The executive authority of the Zuni is vested in an officer styled governor one—Pedro Pino—who, however, is but the mouth-piece of the spiritual ruler, the cacique; the orders of the latter are the laws governing the tribe, their execution simply resting with the governor. In conversation, Pedro Pino informed us that he was the ruler of the country between the Neutrias and Colorado Chiquito, some sixty miles, and Agua Fria and the Moquis settlements, about one hundred miles apart. In appearance, he is perhaps sixty years old, of commanding presence and affable manners; his hair is snow-white. He told us he had been governor of the Zuni people for many years, and that the tribe had always been friendly to the whites (Americans), from many of whom he had testimonials to the latter effect. Ordering his son, Patrizio, to bring him certain papers, he produced letters from officers of our army and private citizens, which referred to the governor in the highest terms, and also spoke of the uniform kindness in their treatment of his people.

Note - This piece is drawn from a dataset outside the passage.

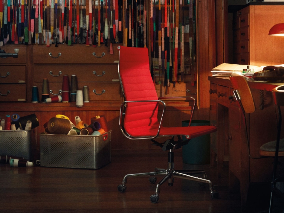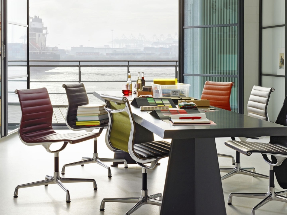 - EA 115 / EA 116 / EA 117: Bureaustoelen met verstelbare zithoogte en kantelmechanisme, beschikbaar in diverse materialen en kleuren.

"The Americans," continued the governor, "treat us well, but the Mexicans very badly; the latter have always maltreated us, and we want them neither to go through our country nor to reside among us. The heavens punish us by long drought for allowing them to remain on the Colorado Chiquito. My cacique, who prays for rain, and who is the spiritual and temporal ruler of this people, watches the sun daily, and is much distressed because no rain falls. He (the cacique) attributes the drought to the presence of the Mexican on our soil."